** Dataset records follows **

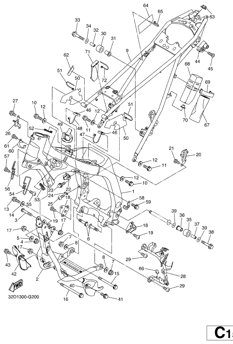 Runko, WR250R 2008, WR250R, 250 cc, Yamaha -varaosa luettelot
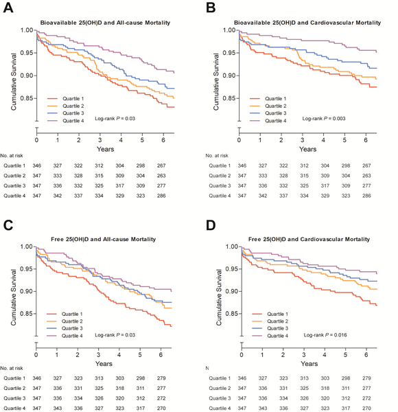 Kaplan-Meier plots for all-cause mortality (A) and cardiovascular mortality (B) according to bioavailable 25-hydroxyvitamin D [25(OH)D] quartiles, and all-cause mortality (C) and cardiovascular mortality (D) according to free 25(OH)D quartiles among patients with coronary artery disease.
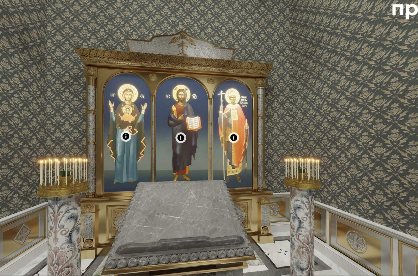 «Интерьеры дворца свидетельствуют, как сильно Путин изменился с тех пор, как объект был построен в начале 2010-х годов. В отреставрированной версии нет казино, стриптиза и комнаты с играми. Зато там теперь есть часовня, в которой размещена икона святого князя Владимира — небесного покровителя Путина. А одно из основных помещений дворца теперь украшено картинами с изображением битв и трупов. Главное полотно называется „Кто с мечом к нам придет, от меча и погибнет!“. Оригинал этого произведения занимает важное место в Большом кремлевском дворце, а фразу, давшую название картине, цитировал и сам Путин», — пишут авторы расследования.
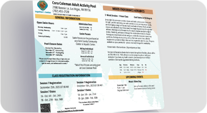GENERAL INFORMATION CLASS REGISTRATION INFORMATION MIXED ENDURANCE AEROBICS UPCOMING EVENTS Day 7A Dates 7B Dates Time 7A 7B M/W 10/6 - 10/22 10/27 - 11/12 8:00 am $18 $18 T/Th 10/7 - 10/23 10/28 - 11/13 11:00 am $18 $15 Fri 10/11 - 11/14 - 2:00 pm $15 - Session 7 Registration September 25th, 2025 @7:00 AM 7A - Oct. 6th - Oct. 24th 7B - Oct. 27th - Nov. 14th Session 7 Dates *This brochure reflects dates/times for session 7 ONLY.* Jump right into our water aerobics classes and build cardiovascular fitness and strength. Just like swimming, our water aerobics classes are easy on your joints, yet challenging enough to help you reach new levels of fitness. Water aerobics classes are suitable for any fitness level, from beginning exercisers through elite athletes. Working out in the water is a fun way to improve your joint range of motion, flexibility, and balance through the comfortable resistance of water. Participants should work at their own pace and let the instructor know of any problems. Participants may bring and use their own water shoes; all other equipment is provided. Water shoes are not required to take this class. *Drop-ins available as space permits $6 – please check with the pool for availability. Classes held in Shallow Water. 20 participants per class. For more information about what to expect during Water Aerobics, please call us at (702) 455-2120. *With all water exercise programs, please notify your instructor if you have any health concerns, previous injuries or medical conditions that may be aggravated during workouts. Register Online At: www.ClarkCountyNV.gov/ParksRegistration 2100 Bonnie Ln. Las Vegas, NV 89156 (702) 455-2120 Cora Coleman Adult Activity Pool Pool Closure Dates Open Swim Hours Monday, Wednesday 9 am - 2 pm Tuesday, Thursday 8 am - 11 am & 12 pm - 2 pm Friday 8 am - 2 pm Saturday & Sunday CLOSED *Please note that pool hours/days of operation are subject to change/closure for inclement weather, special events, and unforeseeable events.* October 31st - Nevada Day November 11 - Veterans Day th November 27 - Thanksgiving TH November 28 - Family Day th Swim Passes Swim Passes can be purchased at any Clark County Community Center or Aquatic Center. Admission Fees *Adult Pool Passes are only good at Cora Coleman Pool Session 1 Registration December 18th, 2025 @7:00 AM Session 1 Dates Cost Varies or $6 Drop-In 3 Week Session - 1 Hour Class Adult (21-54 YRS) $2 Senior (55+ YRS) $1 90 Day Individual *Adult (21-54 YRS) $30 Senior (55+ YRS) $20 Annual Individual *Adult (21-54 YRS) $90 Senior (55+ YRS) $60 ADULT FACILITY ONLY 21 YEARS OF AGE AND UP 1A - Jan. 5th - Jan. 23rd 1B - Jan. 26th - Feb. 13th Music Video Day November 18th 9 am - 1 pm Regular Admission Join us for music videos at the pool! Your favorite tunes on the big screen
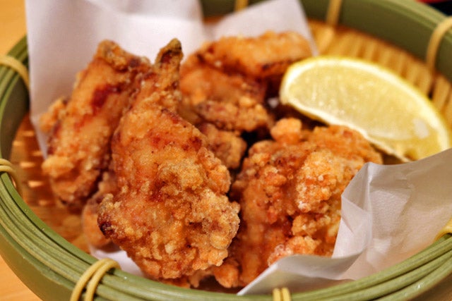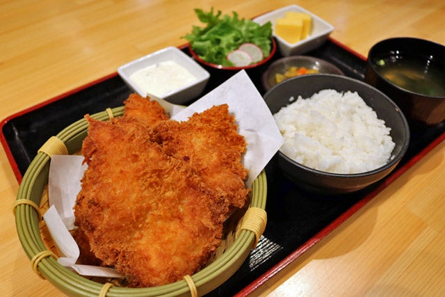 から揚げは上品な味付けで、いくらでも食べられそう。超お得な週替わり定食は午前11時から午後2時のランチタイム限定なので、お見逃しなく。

** End of Dataset records **

• Your instructions
Reproduce only the lines from the first line of the entries through the line containing "Kaplan-Meier plots for", exactly and with both ends kept. Omit the pictures.

• Answer box
 Runko, WR250R 2008, WR250R, 250 cc, Yamaha -varaosa luettelot
 Kaplan-Meier plots for all-cause mortality (A) and cardiovascular mortality (B) according to bioavailable 25-hydroxyvitamin D [25(OH)D] quartiles, and all-cause mortality (C) and cardiovascular mortality (D) according to free 25(OH)D quartiles among patients with coronary artery disease.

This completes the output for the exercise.